§ **PROVIDED MATERIAL**
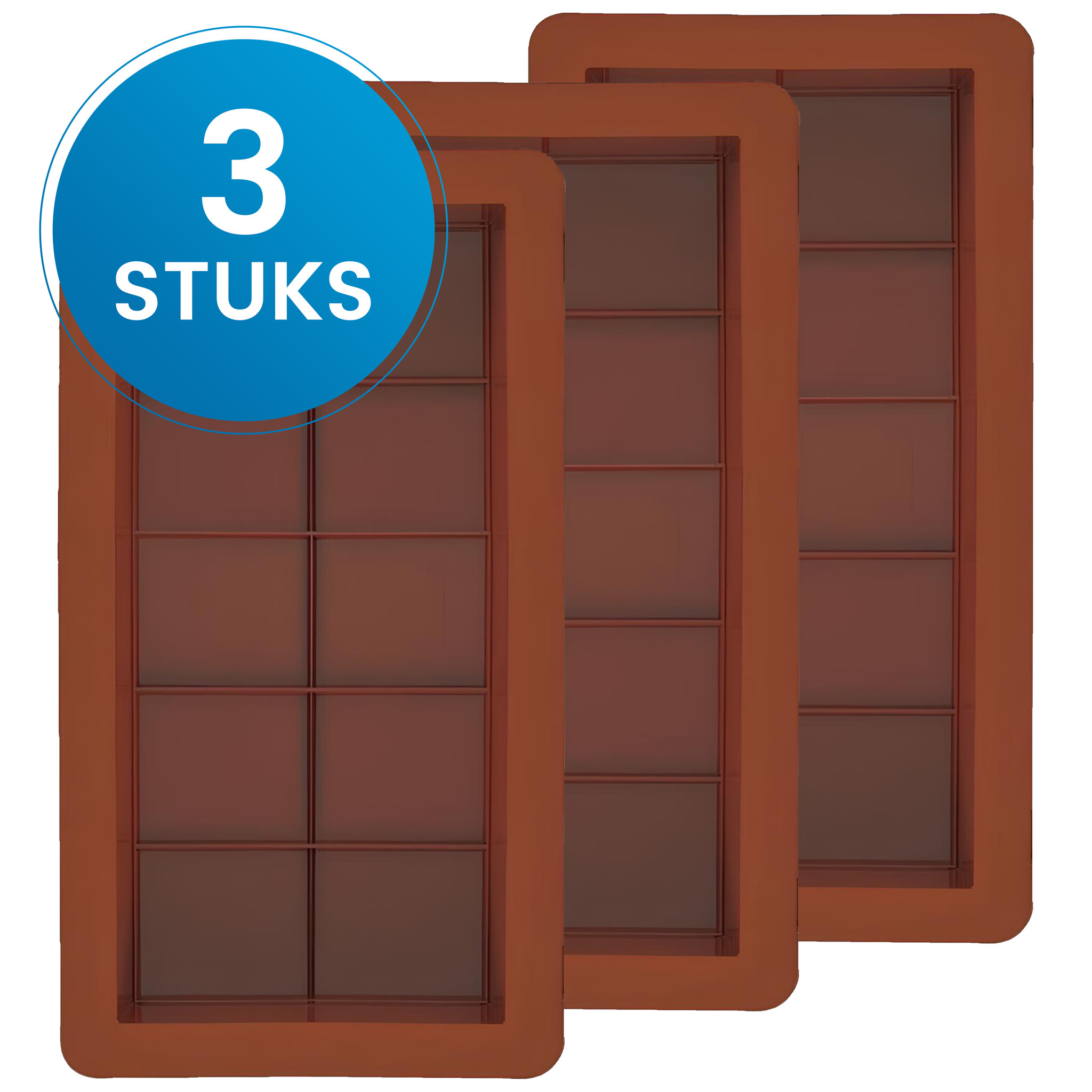 Chocoladereep Vormen - 3 Delige Set - Siliconen - Chocoladevorm - Chocolade Mal - Bakvorm Chocolade - Chocolade tablet - Flexibel & BPA-vrij - Oven- en Vriezerbestendig - Herbruikbaar - Bruin
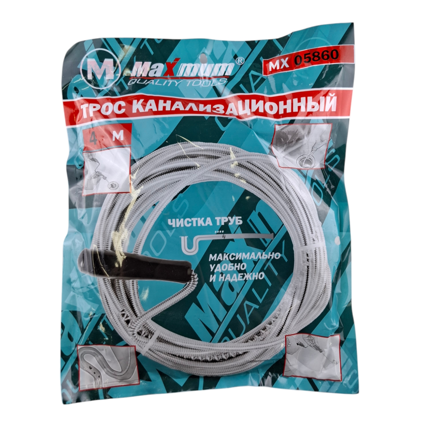 Трос для прочистки канализационных труб 4 метра предназначен для экстренной или профилактической очистки от засора: унитазов, гидрозатворов, бытовых раковин, рукомойников, трапов в душе, решеток в ванной. Прочистка не требует разборки сифона.
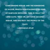 Concerning Kedar and the kingdoms of Hazor, which Nebuchadnezzar king of Babylon defeated, this is what the LORD says: "Rise up, advance against Kedar, and destroy the people of the east!
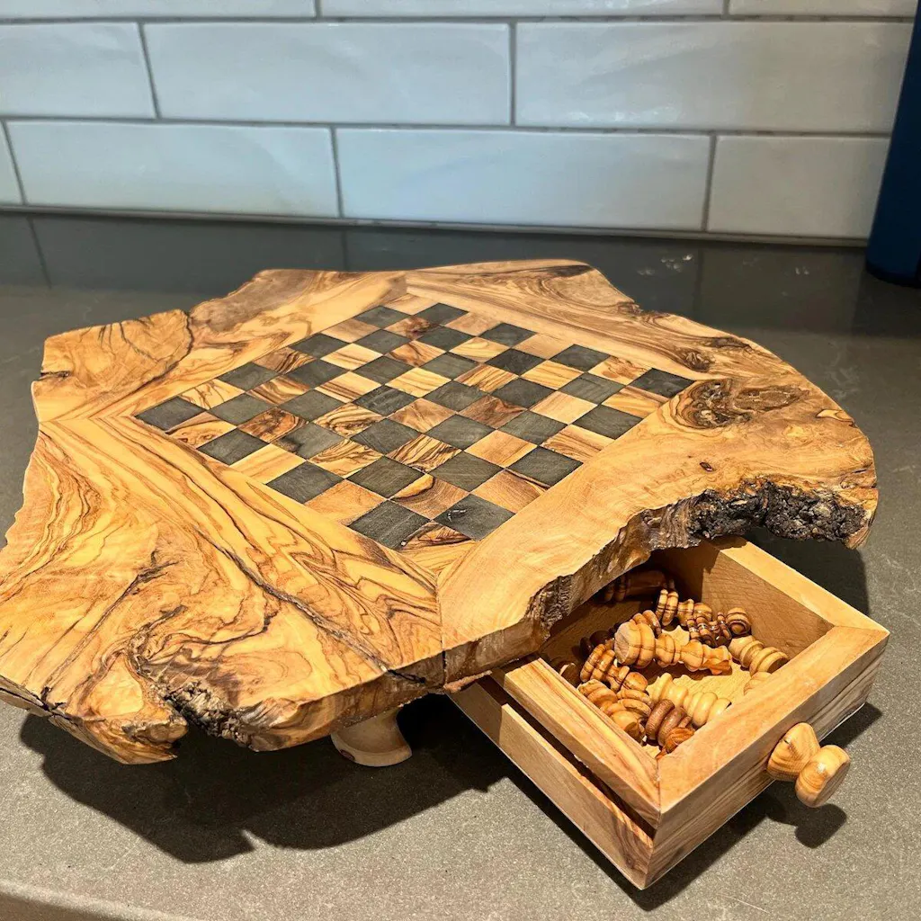 Schachbrett Olivenholz Naturkante 30cm – Rustikal | Handgefertigt Schweiz

§ **WHAT YOU HAVE TO DO**
Write out everything in the data word for word. Omit each picture.

§ **TASK RESULT**
 Chocoladereep Vormen - 3 Delige Set - Siliconen - Chocoladevorm - Chocolade Mal - Bakvorm Chocolade - Chocolade tablet - Flexibel & BPA-vrij - Oven- en Vriezerbestendig - Herbruikbaar - Bruin
 Трос для прочистки канализационных труб 4 метра предназначен для экстренной или профилактической очистки от засора: унитазов, гидрозатворов, бытовых раковин, рукомойников, трапов в душе, решеток в ванной. Прочистка не требует разборки сифона.
 Concerning Kedar and the kingdoms of Hazor, which Nebuchadnezzar king of Babylon defeated, this is what the LORD says: "Rise up, advance against Kedar, and destroy the people of the east!
 Schachbrett Olivenholz Naturkante 30cm – Rustikal | Handgefertigt Schweiz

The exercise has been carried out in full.